◆ Exercise requirements:
Each line between the one holding "Disciplina: Controladoria Módulo: Atividade" and the end of the material below, both included, is to be transcribed word for word, with pictures left out.
[Recorded information — start]
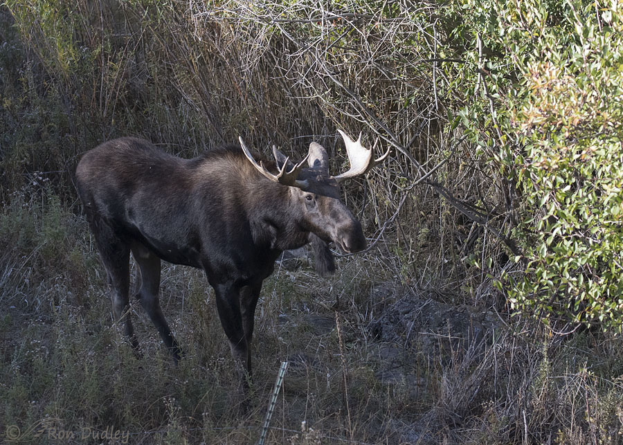 8:48 AM: Two days ago we found a bull moose sleeping or resting (I suspect the former) in the deep, deep shade of a nearby mountain. The light was so poor it was hardly worth taking any photos but you know me and documentary images. I only had 1/100 sec shutter speed for this photo taken at an effective 1120mm so I was lucky to get it as sharp as I did.
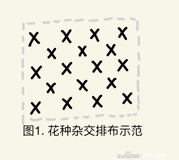 重复说明,浇水的动作在动森中一个是可以让花株繁殖,也就是同色复制(除去铃兰和金玫瑰),那么另一个则是让不同色花株相互杂交。花株复制的动作可以从1朵花开始产生,但几率也是很低的,这个是可以理解的。而杂交则至少至少需要两朵花。而假设是以一定数量的花株进行杂交,那么仍旧以刚才的杂交X网格图为例,可以是一列A色X花 一列 B色 X花以此类推,(或行或列或斜列)。而理论上来说只要需要杂交的至少两颗花株不要相隔超过一格,都是可以产生新的花株的,图2是一个简单的例子,当然这个可以自有安排。
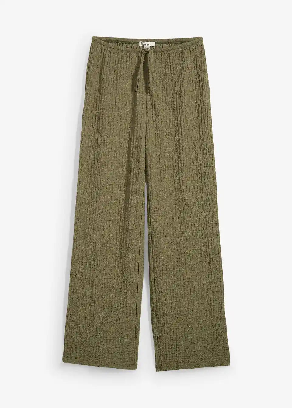 Ležerne Wide Leg hlače od strukturiranog krepa s detaljem za vezanje
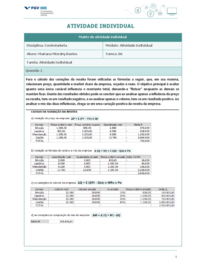 Disciplina: Controladoria Módulo: Atividade Individual
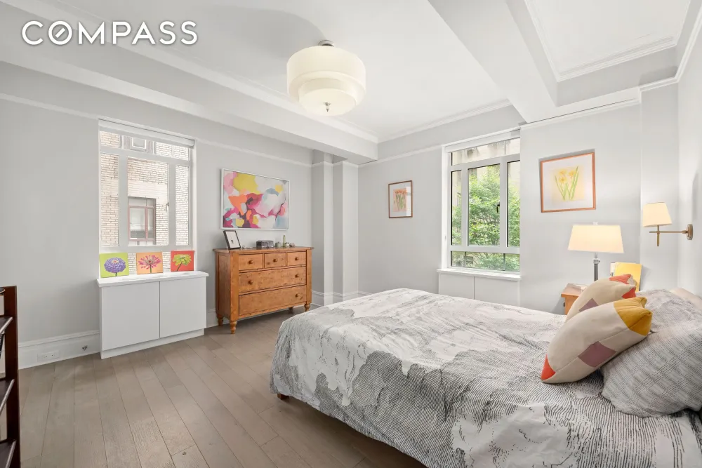 The large and tranquil corner bedroom, also facing south onto the beautiful gardens, easily accommodates a king-sized bed and additional furniture and seating and features a large, outfitted closet. The renovated, windowed bath boasts white tile floors and a stunning tile motif accenting the vanity creating a luxurious, spa-like feeling.
[Recorded information — finish]
◆ Task result:
 Disciplina: Controladoria Módulo: Atividade Individual
 The large and tranquil corner bedroom, also facing south onto the beautiful gardens, easily accommodates a king-sized bed and additional furniture and seating and features a large, outfitted closet. The renovated, windowed bath boasts white tile floors and a stunning tile motif accenting the vanity creating a luxurious, spa-like feeling.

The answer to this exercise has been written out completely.